* TASK ITEM:
Below, find the line containing "Small LED screens"; from there to the final line, print every line exactly and skip the pictures.

---------- DATA SHOWN ----------

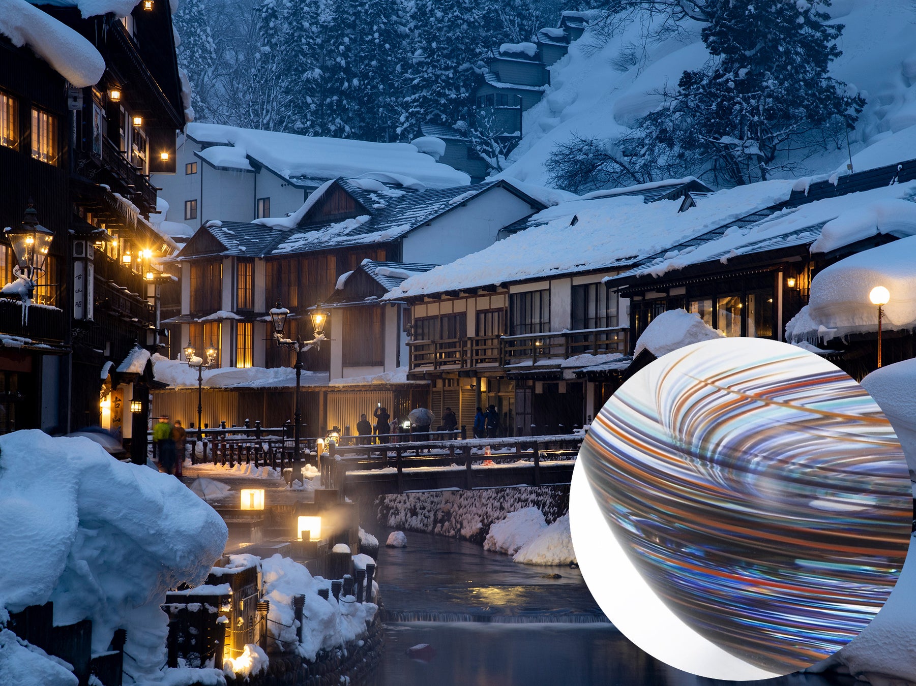 情緒豊かな夜がある東北。集落や温泉地の夜に灯るあかりのあたたかな色彩を濃紺の中に橙色を散りばめて表現しました。
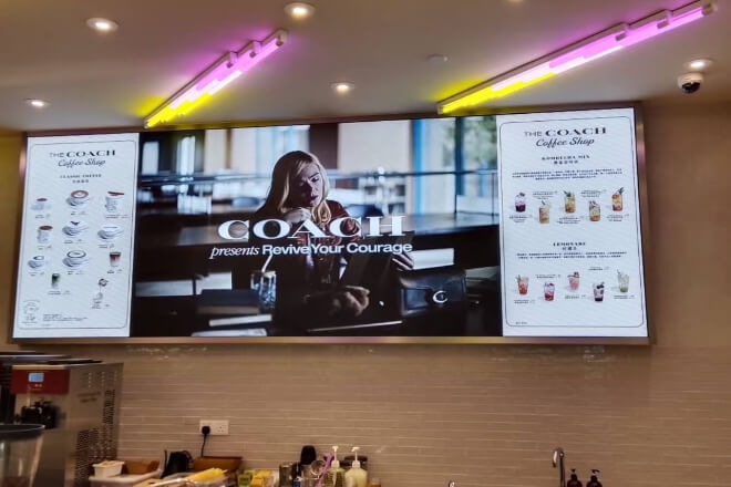 Small LED screens can be mounted on walls, embedded above the checkout counter, or even made into a narrow strip, without taking up space, yet still continuously displaying information.
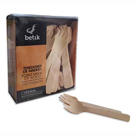 Tenedor postre de madera natural de 10,5 cm. Es rígido y resistente, con un diseño precioso para decorar cualquier mesa o acompañar a cualquier envase para el take away. La caja completa contiene 30 paquetes de 100 unidades.
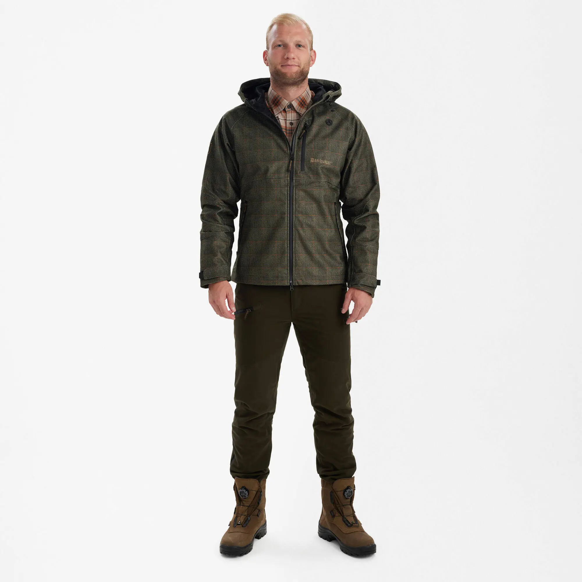 Jackan är tillverkad av material som valts för sin hållbarhet och förmåga att stå emot elementen. Med ett yttermaterial i polyester erbjuder jackan robusthet samt en stilren yta som passar in i vilken friluftsgarderob som helst. Tack vare det avancerade Deer-Tex® Performance Shell membranet ser jackan inte bara till att hålla dig torr utan tillåter också huden att andas genom materialet, vilket är avgörande för komfort vid längre användning.

----------

* TASK RESPONSE:
 Small LED screens can be mounted on walls, embedded above the checkout counter, or even made into a narrow strip, without taking up space, yet still continuously displaying information.
 Tenedor postre de madera natural de 10,5 cm. Es rígido y resistente, con un diseño precioso para decorar cualquier mesa o acompañar a cualquier envase para el take away. La caja completa contiene 30 paquetes de 100 unidades.
 Jackan är tillverkad av material som valts för sin hållbarhet och förmåga att stå emot elementen. Med ett yttermaterial i polyester erbjuder jackan robusthet samt en stilren yta som passar in i vilken friluftsgarderob som helst. Tack vare det avancerade Deer-Tex® Performance Shell membranet ser jackan inte bara till att hålla dig torr utan tillåter också huden att andas genom materialet, vilket är avgörande för komfort vid längre användning.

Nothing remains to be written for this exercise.